You’ll find them throughout the South—people and places worthy of a spot on your bookshelf, immortalized within the pages of some of the most beloved literature of all times: The Prince of Tides; Look Homeward, Angel; Porgy and Bess. Before heading to the library for your supply of summer reading, check out places right here in the Carolinas that have inspired world-class writing.
One of today’s most acclaimed authors, Pat Conroy’s stories feature South Carolina settings that are as memorable and vivid as the characters who inhabit them. One of these is Daufuskie Island, an eight-square-mile sea island between Hilton Head Island and Savannah, Georgia. In his 1972 novel The Water is Wide, he calls the island “Yamacraw,” the fictional locale of Conroy’s real-life job teaching underprivileged children in a one-room schoolhouse. The basis for the film Conrack starring Jon Voight, the book depicts the Gullah culture still preserved on the remote island. Today, Daufuskie is home to picturesque golf courses and stunning vacation homes, as well as remnants of the island’s rich history – the 130-plus year-old First Union African Baptist Church, the 1800’s Haig Point and Bloody Point Lighthouses and the schoolhouse where Conroy taught. Accessible only by ferry, the island is best toured on foot or bicycle or by golf cart. Visit www.daufuskieislandrentals.com for more information.

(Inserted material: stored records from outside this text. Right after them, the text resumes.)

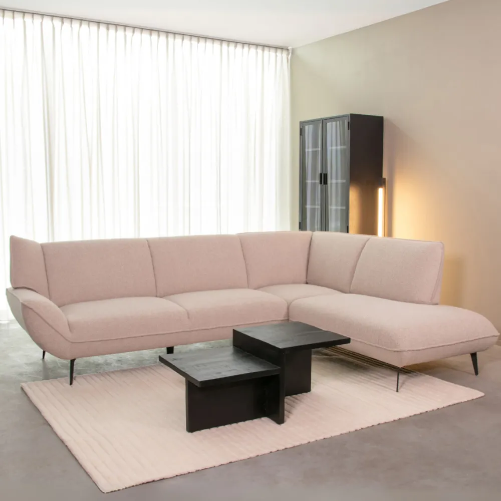 De opstaande armleuning van de hoekbank en de zwart metalen poten geven een moderne twist aan de hoekbank. Dit zorgt niet alleen voor een stijlvolle bank, maar ook voor extra steun en comfort.
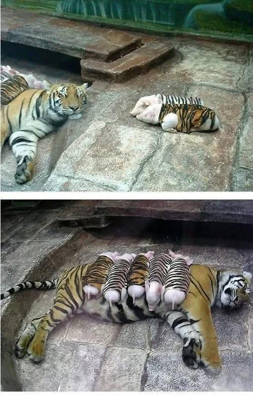 Determined to save her, the zoologists devised an unconventional plan rooted in empathy and biology. They wrapped several tiny piglets in soft, tiger-print cloth, transforming them into surrogate cubs. The moment the piglets were placed near her, something extraordinary happened. The mother tiger, recognizing the warmth and helplessness of the small creatures before her, responded with instinctive tenderness. She approached them cautiously at first, sniffing and circling, but within moments her maternal instincts surged back to life. She gathered the piglets close, grooming them as though they were her own lost offspring.
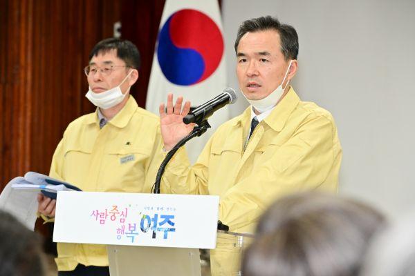 이항진 여주시장은 24일 긴급 기자회견을 갖고 불특정 다수의 왕래가 집중되는 5일장 폐쇄 결정과 신천지 집회장소 및 명단 확보에 주력한다는 등의 내용이 담긴 기자회견문을 발표했다.
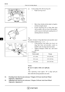 15. Adjusting front wheel toe-in (reference “Chapter 24 Front Axle-Front Wheel
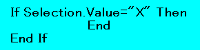 つまり、「もし/If、カーソルが選択されているセルの中味が”X”の場合には」という条件式が「If ~ Then」の ~ の箇所に書いてあります
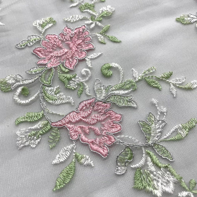 1 Yard Premium Corded Embroidered Bridal Lace Fabric for Elegant Dresses White - Sage/Pink / 53"Wide is backordered and will ship as soon as it is back in stock.
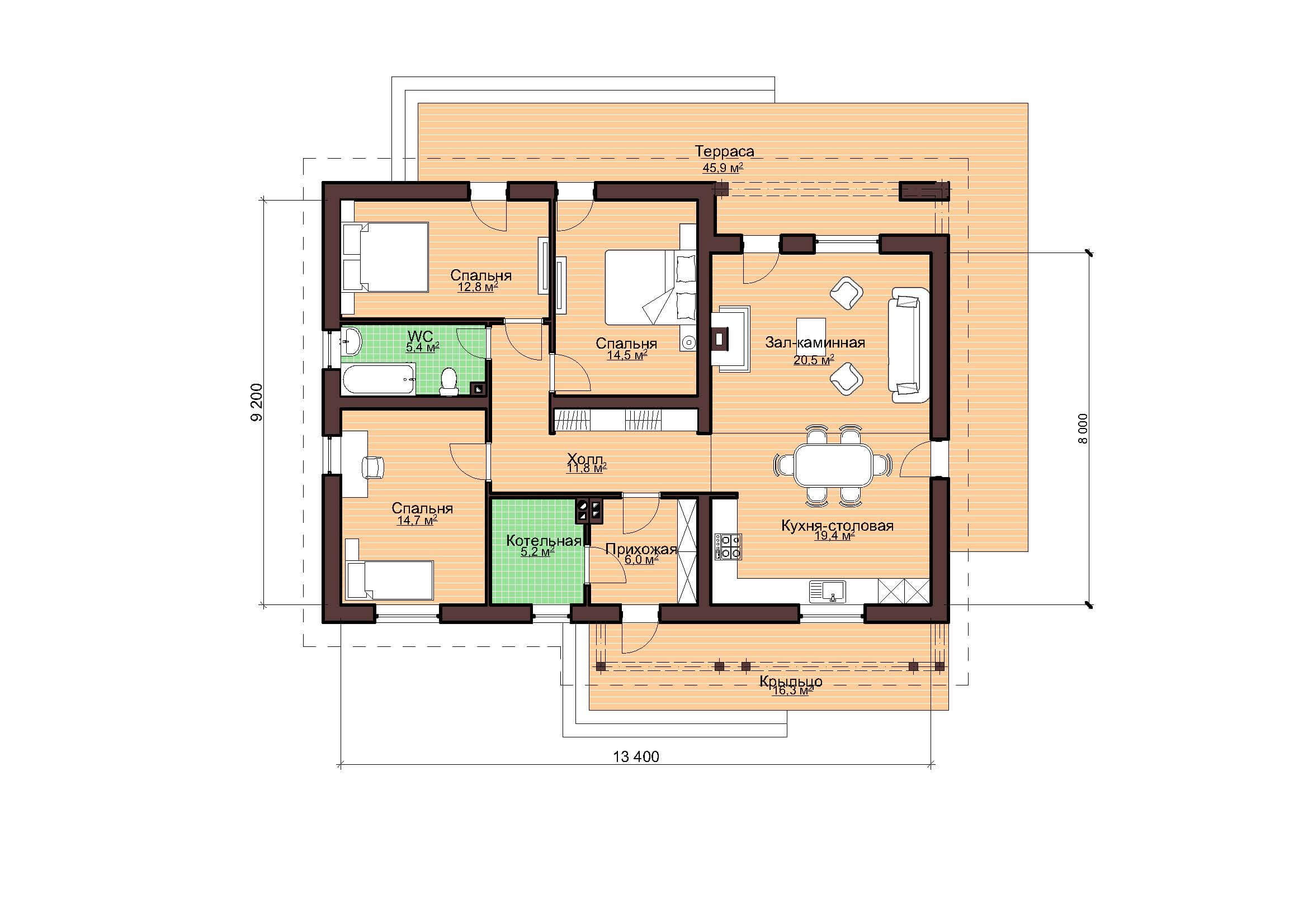 Размер дома 13,4х9,2
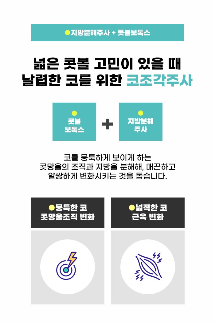 콧볼 보톡스는 콧볼을 넓어 보이도록 하는 근육을 축소하는 걸 기대할 수 있습니다. 그리고 지방분해주사는 코를 뭉툭하고 둔해 보이도록 하는 콧망울의 조직, 지방 등을 분해하는 것을 기대할 수도 있다고 합니다. 코조각주사는 지방분해주사의 특징, 그리고 콧볼 보톡스의 특징을 합한 것이라고 알려져 있습니다.
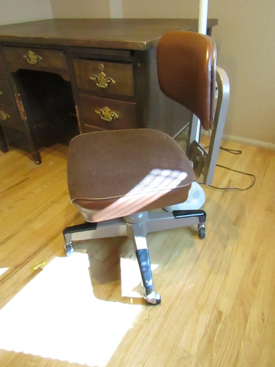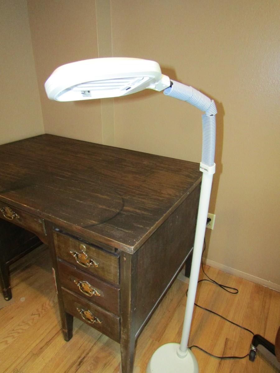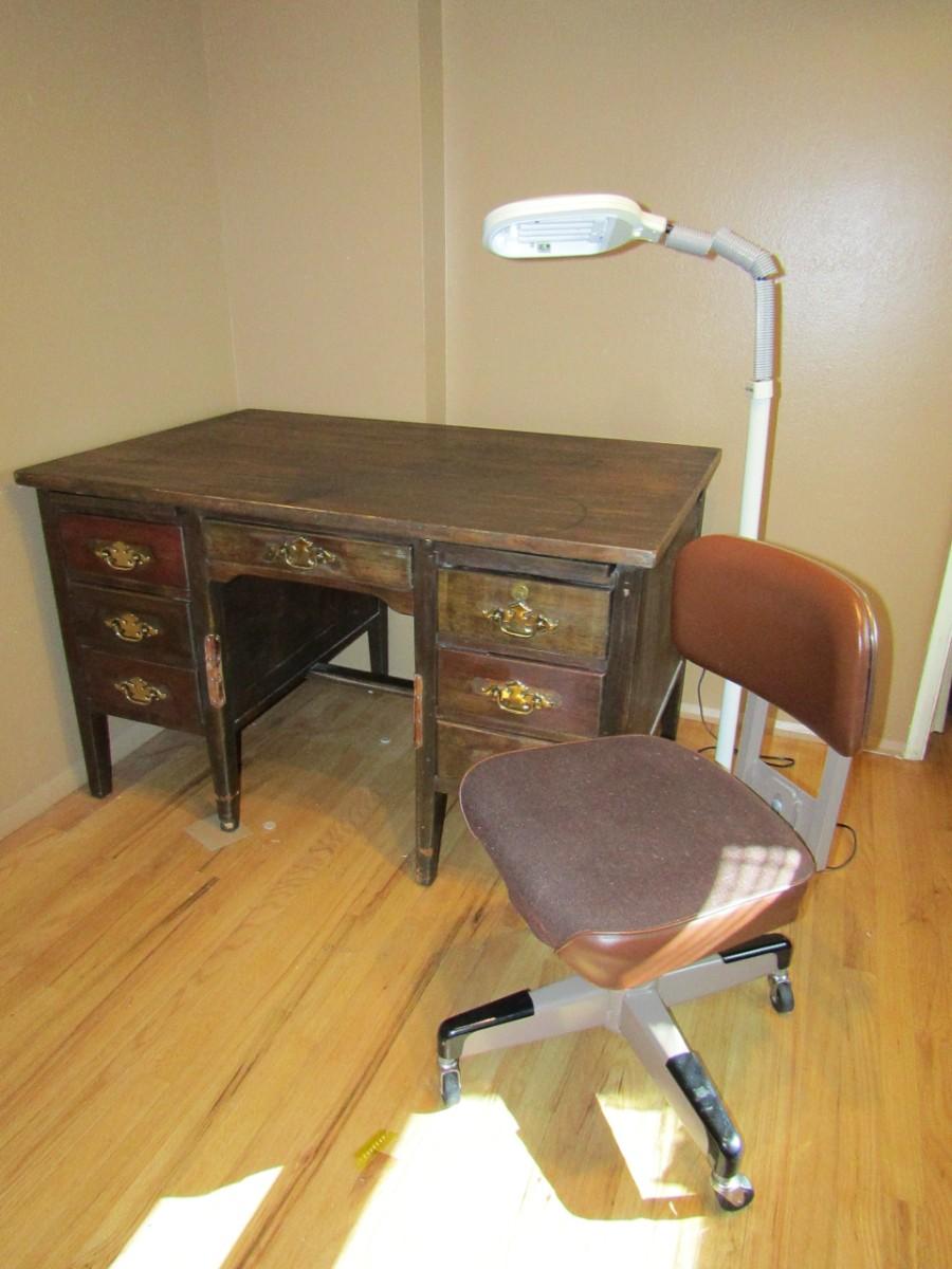 LOT 122 WOODEN DESK, VINTAGE CHAIR AND GOOSE NECK FLOOR LAMP

Daufuskie Island is just one of the sites Conroy weaves into his stories. The Citadel, called “South Carolina Military Institute” in The Lords of Discipline, is a Charleston landmark dating to 1842. Today, it admits some 2,000 students to its corps of cadets. Select Friday afternoon visits provide a firsthand view of the pageantry and precision of the military parades Conroy describes. Go to www.citadel.edu for a parade schedule and other visitor information.

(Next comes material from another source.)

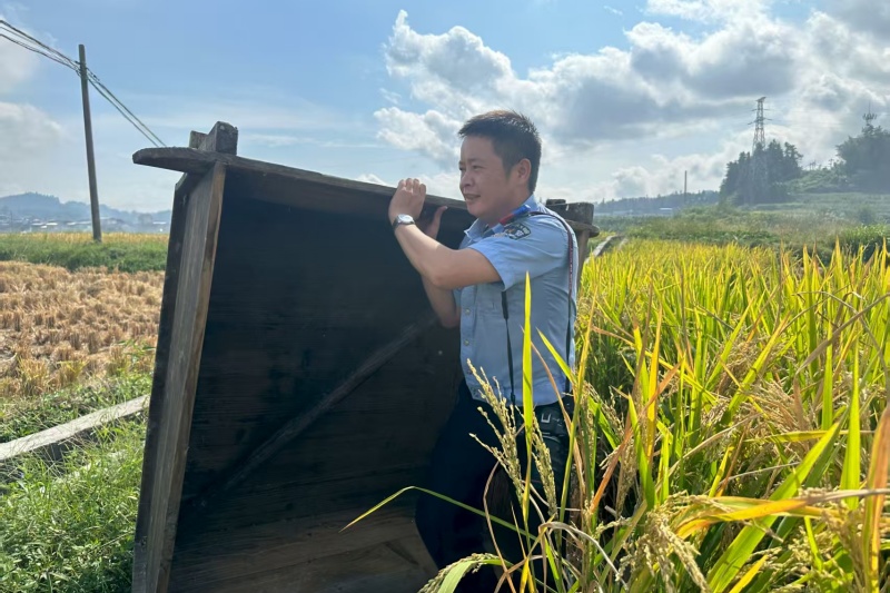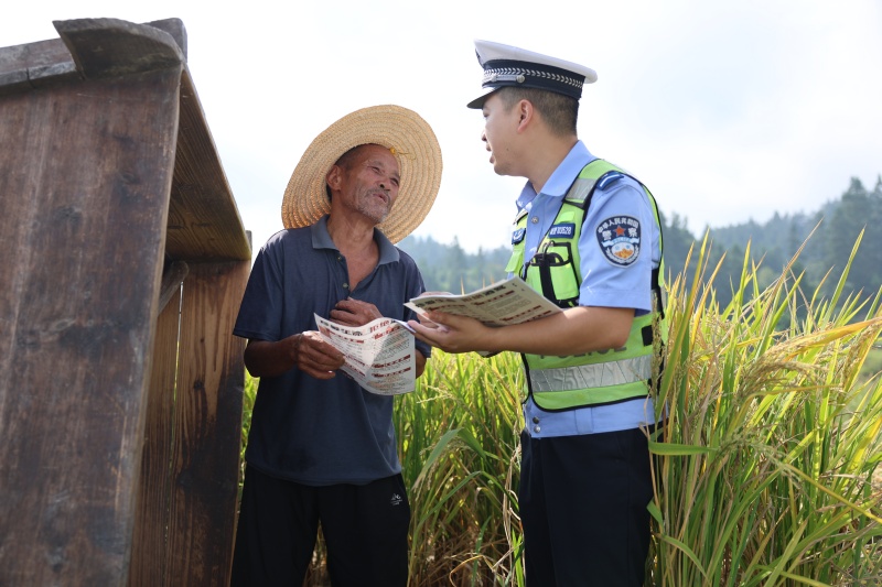 近日,天柱县正值秋收农忙季,高酿镇万亩大坝上满是群众忙碌劳作的身影,天柱县交警大队针对农忙时期交通违法行为陡升现象作出相应部署,组织宣传民辅警走进田间地头,向正在抢收稻谷的群众宣讲交通安全知识,提醒他们自觉抵制酒驾醉驾、超员超载、农用车载人等交通违法行为,提升群众安全防范意识,降低交通事故风险。(龙仲涌)

Nearby, get a glimpse of the “Colleton” Conroy tells of in his most famous work, The Prince of Tides. Find inspiration at the Great Swamp Sanctuary in Walterboro, at the heart of Colleton County. This 842-acre preserve affords up close encounters with diverse wildlife including wild turkeys, deer, waterfowl and songbirds as you hike, bike or explore by canoe or kayak. One of its paths even follows a stagecoach road dating to the colonial era. Details are available at www.walterboro.org.
One of the most celebrated characters born in the South is “Porgy,” brought to life in a novel of the same name by Charleston writer Dubose Heyward in 1925. The novel was later the basis for the play Porgy and Bess
, co-written by Heyward and his wife Dorothy, and then for the opera by the same name with music written by George Gershwin. The story of a beggar in Charleston’s slums takes place largely in the fictional “Catfish Row,” based on the actual Cabbage Row, now part of the picturesque Rainbow Row. Today, the homes are a Charleston icon and a sight to behold. Read more about them and arrange your tour at www.charlestonlowcountry.com.
In North Carolina, a visit to the Thomas Wolfe Memorial in Asheville brings the pages of Look Homeward, Angel to life. The historic boarding house was Wolfe’s childhood home and the setting for his sweeping first novel. Today, the Old Kentucky Home, called “Dixieland” in his book, is open for touring. Now through October, enjoy free musical entertainment the first Friday of each month, during “Pickin’ on the Porch.” For information on this and other events at the Wolfe Memorial, visit www.wolfememorial.com.
In the coming weeks, as you look for unique and memorable diversions, look no further than your favorite reading material. On those pages, you just might find the roadmap to a great time right here in the Carolinas.